Споры шли ожесточённые, без малейшей надежды на компромисс или уступку. Седобородые старики, опираясь на посохи, приводили примеры из Священного Писания, цитировали по памяти древние тексты — кто-то точно, как по писаному, а кто и коверкая на свой лад, но все с одинаковым жаром и непоколебимой убеждённостью в собственной правоте.
Молодые горячились, размахивали руками, сверкали глазами, готовые схватиться за ножи и топоры прямо тут, на пыльной улице, лишь бы доказать свою правоту. Бабы, кутаясь в платки, причитали, мелко и часто крестились, голосили, что придёт беда неминучая, если кровь христианскую проливать начнут, пусть даже она и еретическая, латинская аль униатская.

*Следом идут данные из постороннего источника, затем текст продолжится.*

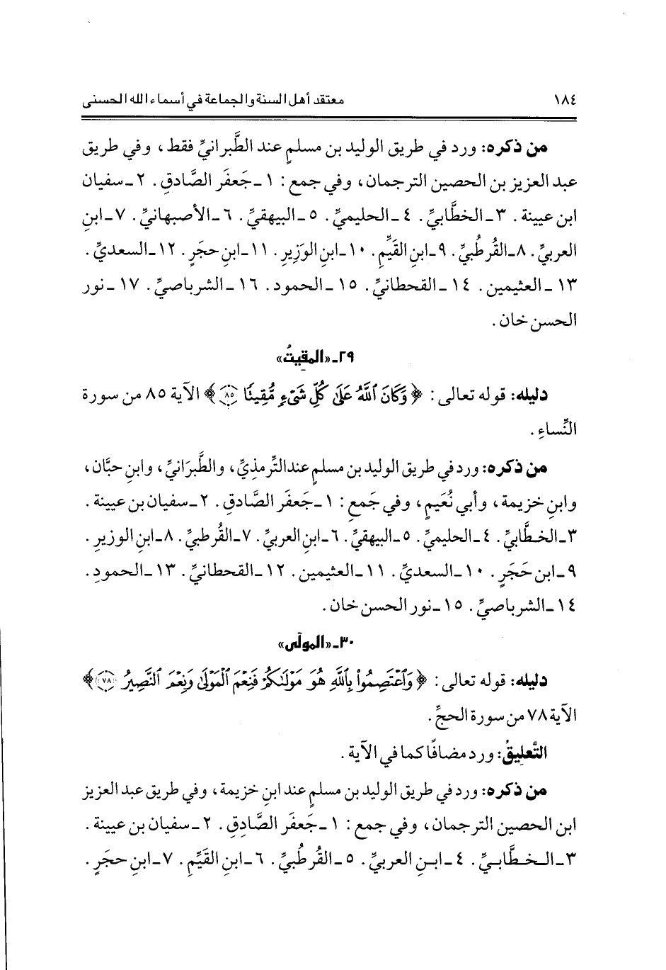 من ذكره: ورد في طريق الوليد بن مسلم عندالتِّرمذيِّ، والطَّبَرانيِّ، وابنِ حبَّان، وابنِ خزيمة، وأبي نُعَيم، وفي جمع: ا- جعفر الصَّادق. 2- سفيان بن عيينة. 3- الخطابيِّ. 4- الحليميِّ. 5- البيهقيِّ. 6- ابنِ العربيِّ. 7- القُرطُبيِّ. 8- ابنِ الوزير. 9- ابن حجر. 10- السعديِّ. 11- العثيمين. 12- القحطانيِّ. 13- الحمود. 14- الشَّرباصيِّ. 15- نور الحسن خان.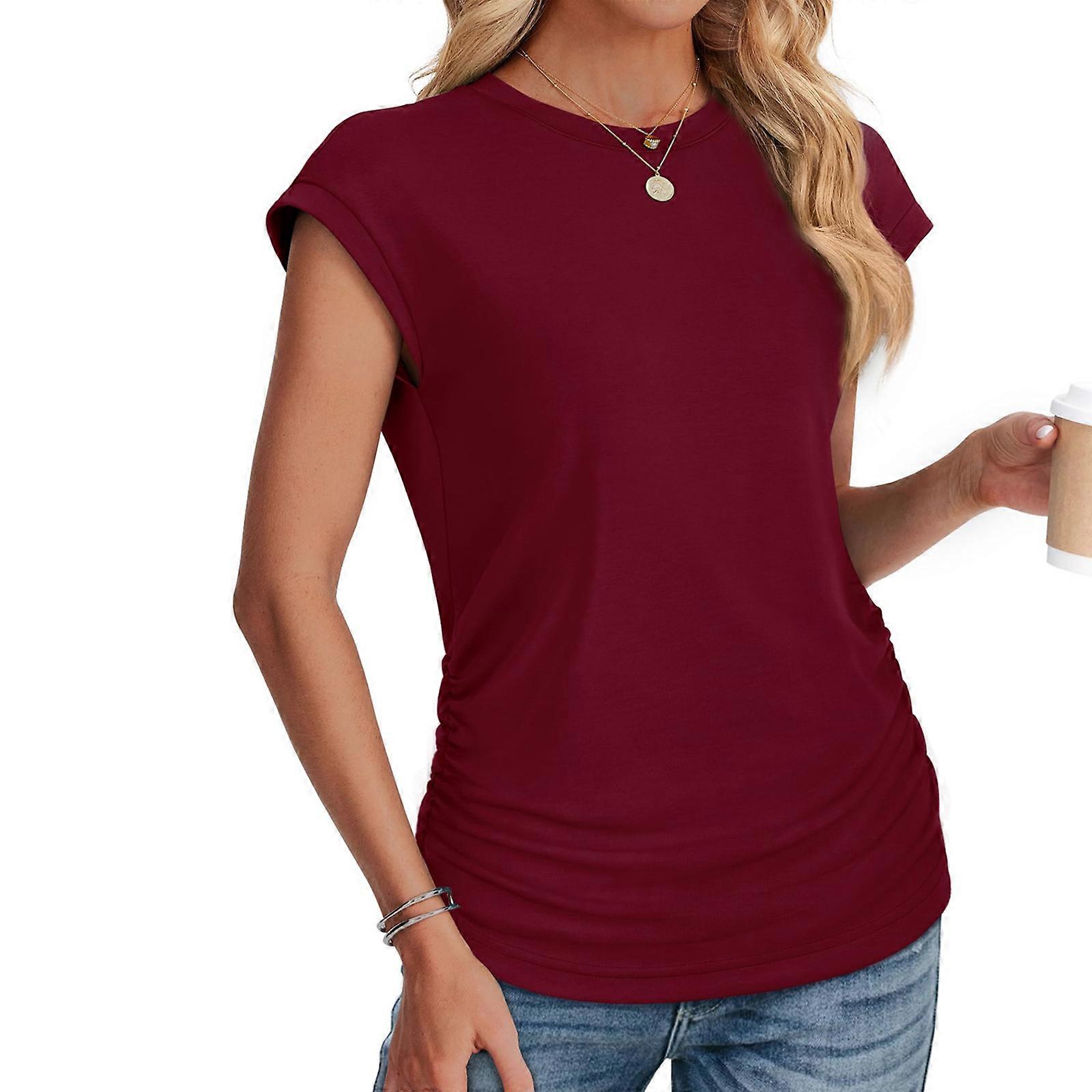 Summer Women's Crew Neck Caps Short Sleeve Regular Fit T-Shirt Fashion Basic Tops Side Shirring Ruched Solid Color Tee Burgundy XL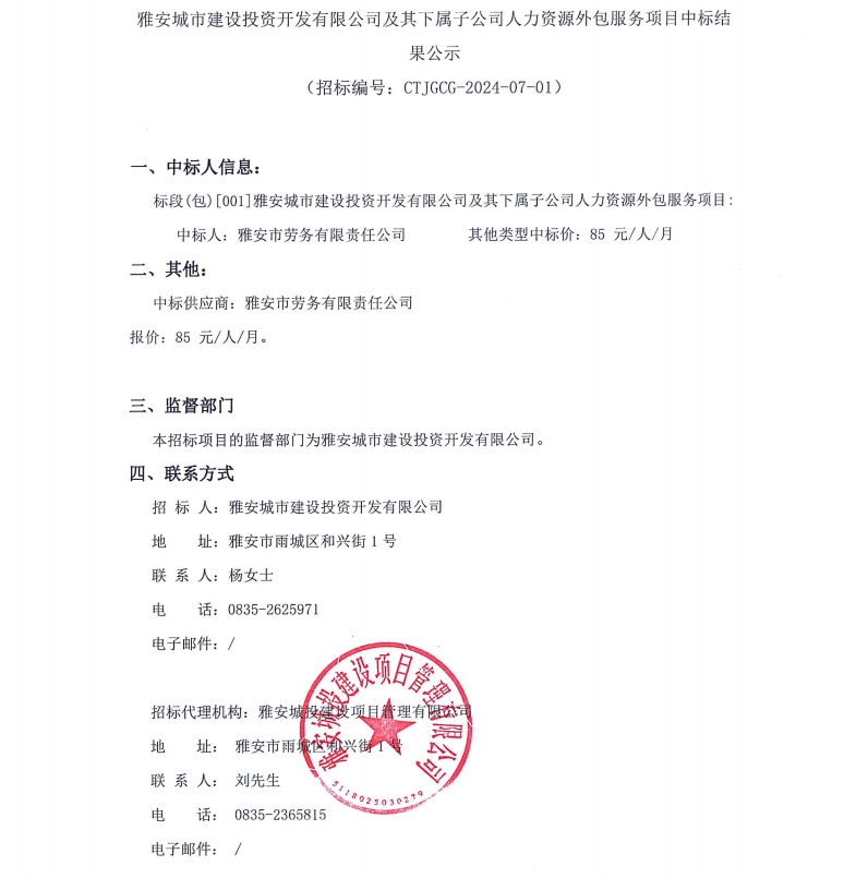 雅安城市建設(shè)投資開發(fā)有限公司及其下屬子公司人力資源外包服務(wù)項目中標(biāo)結(jié)果公示

Лишь купцы, почесывая затылки, хмуро подсчитывали будущие убытки — после такой резни ни одного, и так редкого, иностранного гостя на Москву и калачом не заманишь, а торговля с Западом встанет на долгие годы.
Ныне же все иноземцы, сколько их ни было в Москве — искусные ремесленники, прославленные зодчие, учёные лекари, мастера самых разных специальностей, — укрылись за толстыми, неприступными стенами Кремля и вовсе не показывались в городе, боясь высунуть нос за кованые ворота. Сидели по щелям, в боярских хоромах и монастырских кельях, и отчаянно молились своим богам — кто на гулкой латыни, кто на гортанном немецком, кто на певучем греческом — дабы эта буря прошла мимо, дабы не вырезали их всех скопом в припадке дикого религиозного рвения.

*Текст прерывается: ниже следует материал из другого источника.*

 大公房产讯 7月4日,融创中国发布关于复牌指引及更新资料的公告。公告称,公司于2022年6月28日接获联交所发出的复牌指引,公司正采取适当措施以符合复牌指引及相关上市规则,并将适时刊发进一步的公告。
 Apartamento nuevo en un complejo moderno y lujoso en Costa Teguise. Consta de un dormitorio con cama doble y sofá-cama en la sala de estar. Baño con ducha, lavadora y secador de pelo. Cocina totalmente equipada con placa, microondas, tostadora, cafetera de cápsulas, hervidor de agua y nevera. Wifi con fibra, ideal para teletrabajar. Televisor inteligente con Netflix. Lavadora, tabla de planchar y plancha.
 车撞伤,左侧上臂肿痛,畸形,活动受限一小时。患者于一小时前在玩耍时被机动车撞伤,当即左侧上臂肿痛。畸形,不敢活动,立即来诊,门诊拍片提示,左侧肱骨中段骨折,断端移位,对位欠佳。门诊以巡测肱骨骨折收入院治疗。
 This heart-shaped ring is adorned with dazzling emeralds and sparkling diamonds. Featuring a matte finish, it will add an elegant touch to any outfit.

А в сам город тем временем ежедневно и ежечасно стекались всё новые и новые толпы народа с окрестных земель — шли целыми деревнями, слободами и волостями. Шли пешком, полуголодные, в холоде и грязи, ехали на скрипучих телегах, запряжённых волами и тощими лошадёнками. С трудом пробиваясь по весенней распутице.
Бросали хозяйство, оставляли недоеную скотину на соседей, наспех заколачивали досками окна в избах и двигались к Москве — посмотреть на знамение Великого поста, приложиться к святому государю, помолиться вместе с ним за спасение всего мира. Дороги, ведущие к столице, были забиты до предела — обозы, казалось, тянулись бесконечными вереницами, люди шли сплошным, гудящим потоком, останавливаясь только на краткий ночлег под открытым небом, да и то не всегда. Многие шли круглые сутки, не зная усталости, подгоняемые одновременно и великим страхом, и великой надеждой.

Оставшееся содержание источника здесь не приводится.